De nuevo le sonrió la fortuna, le adjudicaron la habitación que había sido suya. Entre aquellas cuatro paredes había engendrado su exasperada, única mitología. Allí se había encerrado para dejarse morir mientras
Keeper
gemía su desesperación canina, atravesado al otro lado de la puerta.
Hubo muchas noches blancas. La lluvia azotaba las ventanas, el viento silbaba sobre los páramos. Y la travesía de la llama vacilante desentrañaba, palabra tras palabra, renglón tras renglón, la escritura poderosa y airada de quien recién iniciaba su andadura como inmortal. Más de una vez Lucy sintió el aliento apasionado de la autora en la nuca. Imaginó que era el de una hermana que respiraba con ella. Y esta comunión, magnificada por el entusiasmo propio de su edad, le procuró instantes de una exaltación desconocida. La impresionable joven no sabía de las noches del alma, pero en la oscuridad ardiente vivió plenitudes amorosas que rayaron la experiencia mística. Tesoros privados, intransferibles, que guardó para sí.
De regreso a casa le robaron a su padre. Fue un ataque sórdido, sin épica ni poesía. Un latrocinio traicionero que no permitió un adiós decente, menos aún el aprovisionamiento de los seres queridos. St. Michael pasó a manos del párroco sucesor y una familia ajena ocupó la casa de su infancia. La viuda y huérfana del pastor fallecido quedaron desprotegidas. Habría acechado la indigencia de no ser porque una alma compasiva les cedió una vivienda discreta en las afueras del pueblo. La generosidad del pueblo no se detuvo en este gesto; feligreses y viejos amigos las siguieron avituallando de modo regular.

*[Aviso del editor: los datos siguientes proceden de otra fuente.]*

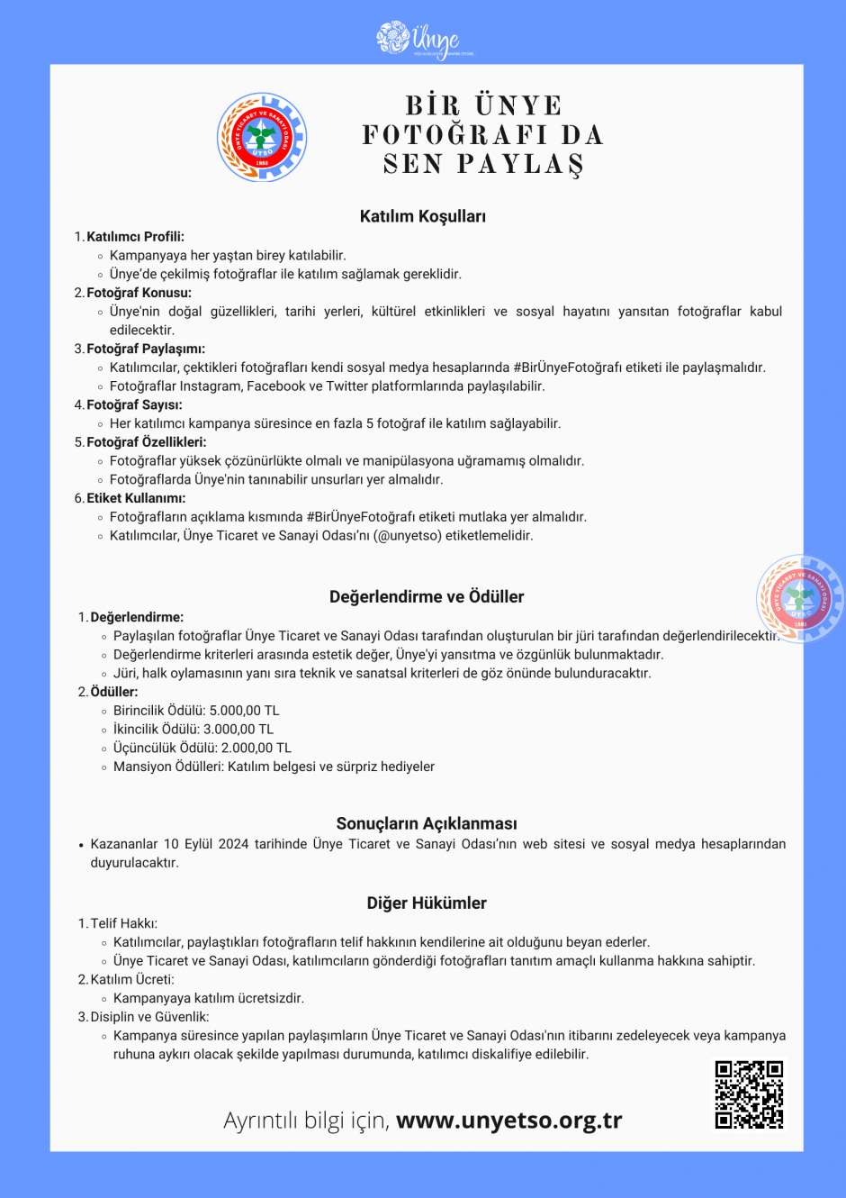 Detaylı bilgi ve katılım şartları için Ünye TSO’nun sosyal medya hesapları ve web sitesi takip edilebilir.

Era un golpe cruel para el orgullo de Lucy. Convertirse en objeto de la caridad ajena cuando la habían educado para ser sujeto resultaba un sapo difícil de digerir. Y su madre no aligeró la aspereza de la ingestión. Incluso en sus buenos tiempos siempre había sido un pandemonio de quejas. Enfrentó la nueva pobreza como si ésta fuera una ofensa personal. Y arrastró el agravio hasta el fin de sus días, colgada de la vida de su hija, no como una ancla en puerto seguro, sino como un lastre gravoso.

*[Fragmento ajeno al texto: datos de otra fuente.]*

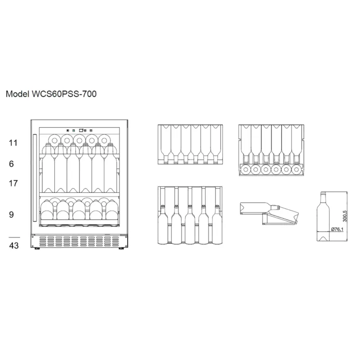 – Police su predviđene za standardne Bordeaux (0,75) boce i spram njih je deklarisan kapacitet. Ukoliko imate potrebu da čuvate veće boce, maksimalan broj boca koji može stati u vinsku vitrinu se smanjuje.

El objetivo natural de toda muchacha era el matrimonio, y algo hubo de ello. Poco antes de la orfandad se había insinuado un posible pretendiente. Iniciaba carrera en la Marina y no carecía de atractivos. Los oficiales viajaban con sus esposas, la exploración de mundos desconocidos debió de haber ilusionado a Lucy. Es posible que la relación hubiera cuajado. Pero la repentina desposesión y la carga materna dibujaron un panorama en exceso complicado para un joven que aspiraba a convertirse en héroe, no en tierra sino en alta mar.
Plenty of fish in the sea
, el mar está lleno de peces, se dijo. Su figura empequeñeció a una velocidad inusitada, muy pronto se esfumó en ruta hacia horizontes más prometedores.